Segment Start: MATERIAL FOR THE TASK

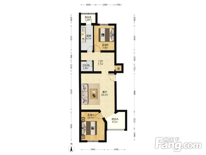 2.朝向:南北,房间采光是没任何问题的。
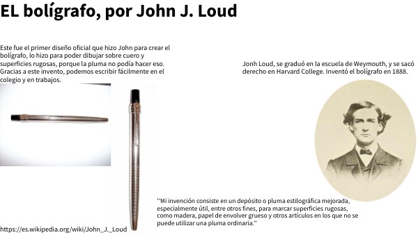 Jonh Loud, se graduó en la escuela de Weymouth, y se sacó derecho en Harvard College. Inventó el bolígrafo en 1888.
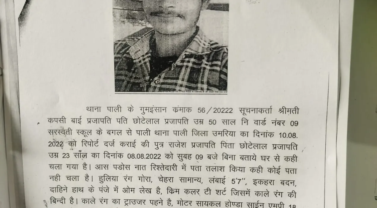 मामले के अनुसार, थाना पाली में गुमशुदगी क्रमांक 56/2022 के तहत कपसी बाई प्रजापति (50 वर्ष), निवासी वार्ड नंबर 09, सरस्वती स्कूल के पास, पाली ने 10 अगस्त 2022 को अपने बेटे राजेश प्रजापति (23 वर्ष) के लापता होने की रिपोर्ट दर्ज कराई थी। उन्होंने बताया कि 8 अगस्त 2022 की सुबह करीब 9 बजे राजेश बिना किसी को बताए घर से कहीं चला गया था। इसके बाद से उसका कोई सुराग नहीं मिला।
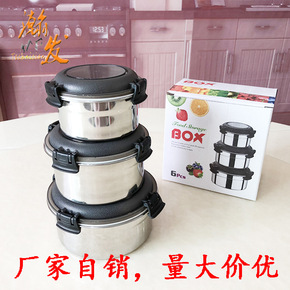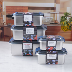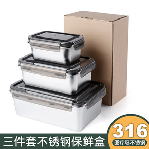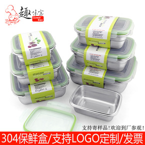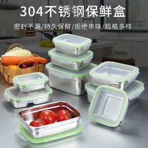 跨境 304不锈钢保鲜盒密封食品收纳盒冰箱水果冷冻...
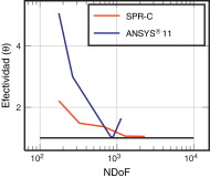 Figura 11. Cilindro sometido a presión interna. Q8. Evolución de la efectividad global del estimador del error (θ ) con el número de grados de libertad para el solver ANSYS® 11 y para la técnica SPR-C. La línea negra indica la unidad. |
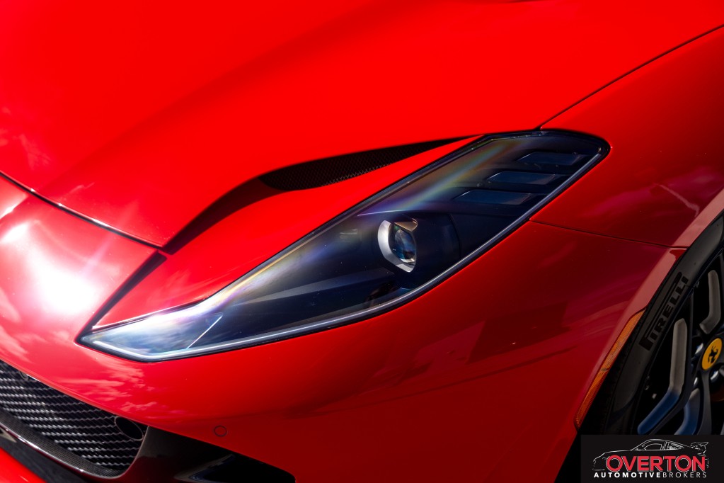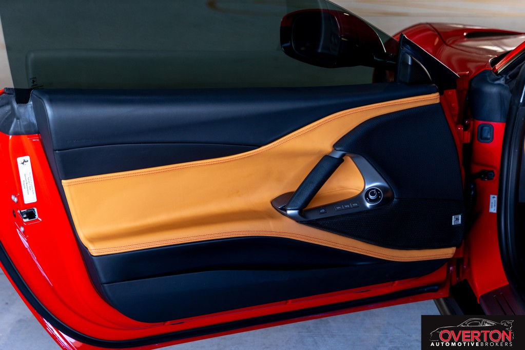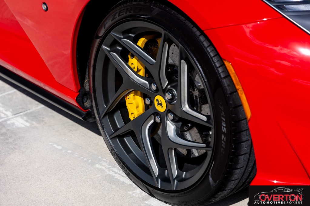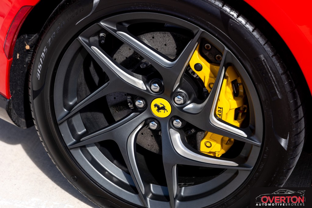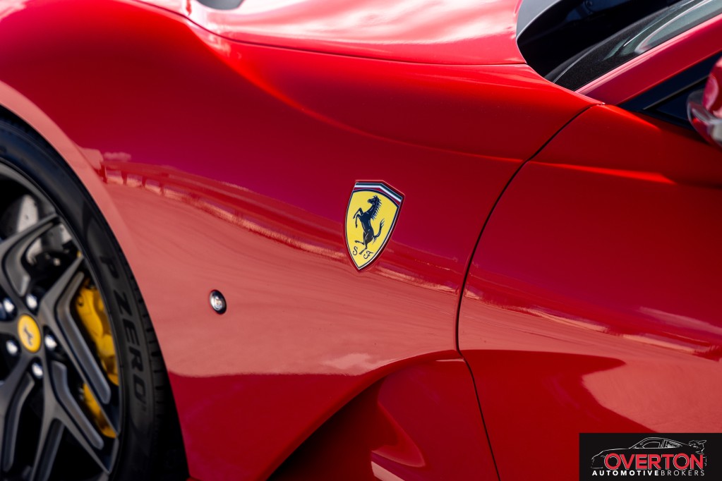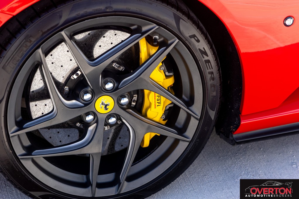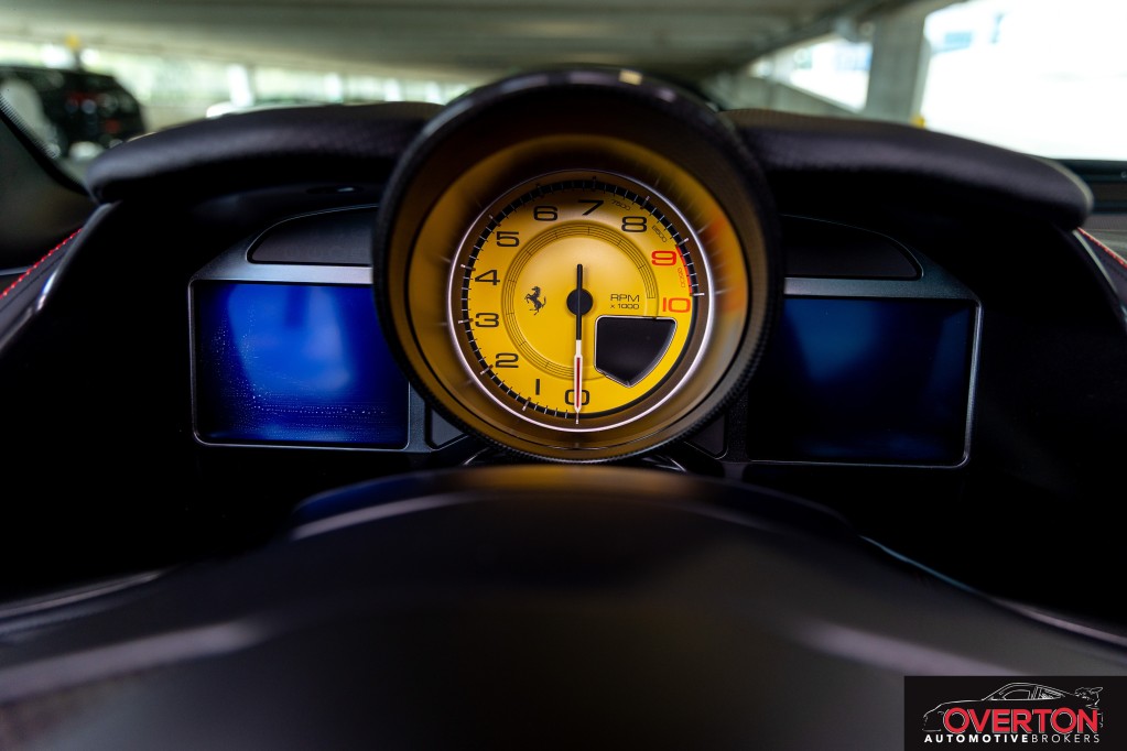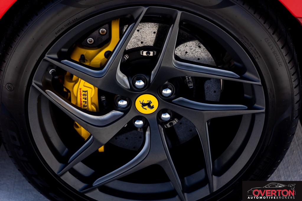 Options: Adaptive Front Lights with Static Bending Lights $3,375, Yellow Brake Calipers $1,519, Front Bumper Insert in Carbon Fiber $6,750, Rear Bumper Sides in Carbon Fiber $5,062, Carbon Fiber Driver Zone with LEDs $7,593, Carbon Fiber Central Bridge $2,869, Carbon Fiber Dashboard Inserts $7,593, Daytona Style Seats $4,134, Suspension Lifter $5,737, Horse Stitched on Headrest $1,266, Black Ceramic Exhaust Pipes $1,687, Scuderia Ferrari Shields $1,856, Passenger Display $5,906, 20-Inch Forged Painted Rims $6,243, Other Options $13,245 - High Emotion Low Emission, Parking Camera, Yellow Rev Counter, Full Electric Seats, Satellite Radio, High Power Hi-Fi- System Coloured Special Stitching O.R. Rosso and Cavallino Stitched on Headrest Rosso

Segment End: MATERIAL FOR THE TASK
Segment Start: MATERIAL FOR THE TASK

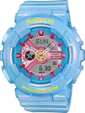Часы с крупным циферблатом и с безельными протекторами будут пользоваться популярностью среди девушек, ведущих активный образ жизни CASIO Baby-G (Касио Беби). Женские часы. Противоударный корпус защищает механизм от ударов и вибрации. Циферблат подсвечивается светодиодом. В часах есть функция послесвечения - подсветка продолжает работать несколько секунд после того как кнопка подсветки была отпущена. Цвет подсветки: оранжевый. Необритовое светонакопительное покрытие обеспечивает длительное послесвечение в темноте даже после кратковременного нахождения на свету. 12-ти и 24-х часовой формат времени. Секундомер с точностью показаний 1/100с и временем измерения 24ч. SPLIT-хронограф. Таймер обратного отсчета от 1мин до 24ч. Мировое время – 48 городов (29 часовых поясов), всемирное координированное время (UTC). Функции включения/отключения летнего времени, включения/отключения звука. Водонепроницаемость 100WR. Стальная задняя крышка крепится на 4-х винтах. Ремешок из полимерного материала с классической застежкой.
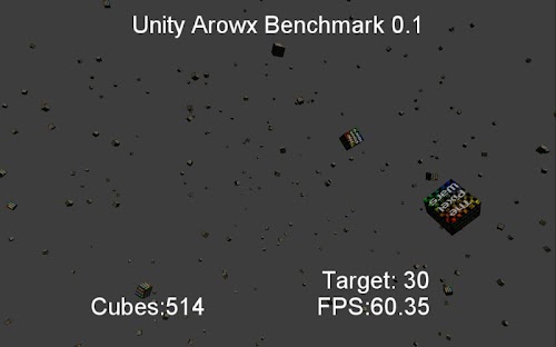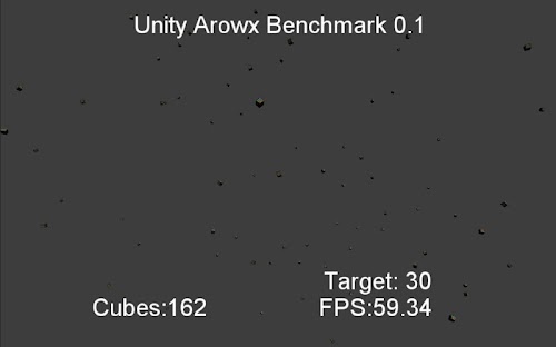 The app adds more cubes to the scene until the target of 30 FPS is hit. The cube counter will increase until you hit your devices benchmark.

Segment End: MATERIAL FOR THE TASK

TASK TO CARRY OUT - Within the listing above, extract exactly the lines that run from the one containing "मामले के अनुसार, थाना" through the one containing "跨境 304不锈钢保鲜盒密封食品收纳盒冰箱水果冷冻...", excluding any pictures.

RESULT OF THE TASK -
 मामले के अनुसार, थाना पाली में गुमशुदगी क्रमांक 56/2022 के तहत कपसी बाई प्रजापति (50 वर्ष), निवासी वार्ड नंबर 09, सरस्वती स्कूल के पास, पाली ने 10 अगस्त 2022 को अपने बेटे राजेश प्रजापति (23 वर्ष) के लापता होने की रिपोर्ट दर्ज कराई थी। उन्होंने बताया कि 8 अगस्त 2022 की सुबह करीब 9 बजे राजेश बिना किसी को बताए घर से कहीं चला गया था। इसके बाद से उसका कोई सुराग नहीं मिला।
 跨境 304不锈钢保鲜盒密封食品收纳盒冰箱水果冷冻...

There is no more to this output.